S. I. Al-Juboori1, E. Dobrinskikh2, M. Oria3, J. L. Peiro3, A. I. Marwan1 1University Of Colorado Denver,Division Of Pediatric Surgery/Department Of Surgery,Aurora, CO, USA 2University Of Colorado Denver,Department Of Medicine,Aurora, CO, USA 3University Of Cincinnati,Division Of Pediatric Surgery,Cincinnati, OH, USA
Introduction: Fetal Tracheal Occlusion (TO) is an experimental therapeutic approach to stimulate fetal lung development in the most severe Congenital Diaphragmatic Hernia (CDH) cases. Our laboratory has demonstrated a unique heterogeneous topological morphometric response of rabbit fetal lungs following 4 days of tracheal occlusion, namely: regions with control-like airspaces and others with enlarged airspaces. Currently, it is unknown whether TO in the setting of CDH will result in a similar heterogeneity. The aim of this study is to examine the heterogeneous fetal pulmonary parenchymal response following TO in the rabbit left-sided CDH model using morphometric analyses.
Methods: Fetal rabbits at 25 days gestation underwent surgical creation of left CDH followed by TO at 27 days and harvest on day 30. Lung-to-Body Weight Ratios (LBWRs) and their corresponding percent change relative to control counterparts, ΔLBWRs, were calculated for total lung weight, as well as left and right lung weights separately. In order to examine any heterogeneity in the pulmonary growth response in CDH model after TO, morphometric analyses, i.e., Tissue-to-Airspace Ratios (TARs), and the number and size of airspaces, were performed to evaluate parenchymal structural changes in control, CDH, and CDH+TO right and left lungs.
Results: Right and left lungs had a heterogeneous pulmonary growth response in CDH and after TO. The relative percent growth of the right lungs in CDH+TO was higher compared to the left lungs in the left-sided CDH model. Morphometric analyses revealed that right and left lungs were different at baseline and had heterogeneous TARs, in addition to size and number of airspaces within and between the lungs in the CDH and CDH+TO experimental groups.
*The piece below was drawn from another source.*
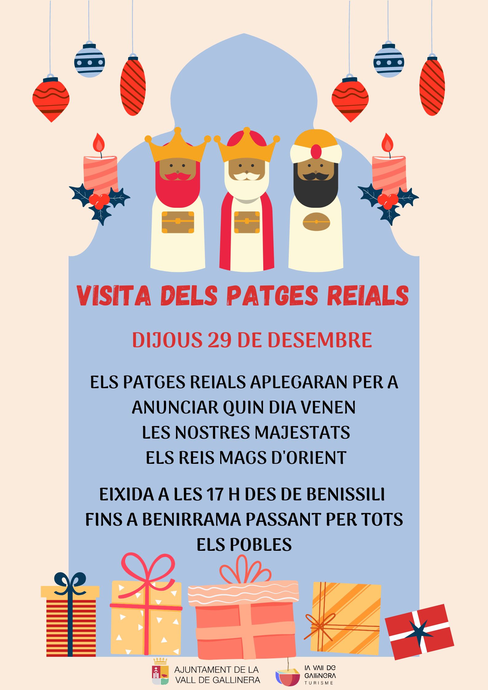 Los Pajes Reales vendrán para anunciar qué día llegarán nuestras majestades Reyes Magos de Oriente.

CDH right lungs had at least two distinct airspace populations, control-like, and larger TAR (smaller airspaces), unlike CDH left lungs where only one population was observed. TO resulted in the appearance of smaller TARs (enlarged airspaces) in both, right and left CDH+TO lungs. Furthermore, TARs were linearly and positively correlated with the number of airspaces in the pulmonary parenchyma of control, CDH, and CDH+TO animals. Whereas the number of airspaces and their respective average sizes exhibited an inverse nonlinear (exponential) relationship.
Conclusion: We demonstrated for the first time that morphometric response of CDH fetal lungs to tracheal occlusion is heterogeneous. Right and left lungs respond differently in percent growth and parenchymal structures. Parenchymal heterogeneity may result in variable functional response of the respiratory acini and therefore the unpredicted and variable clinical outcomes to this therapeutic intervention in hypoplastic lungs.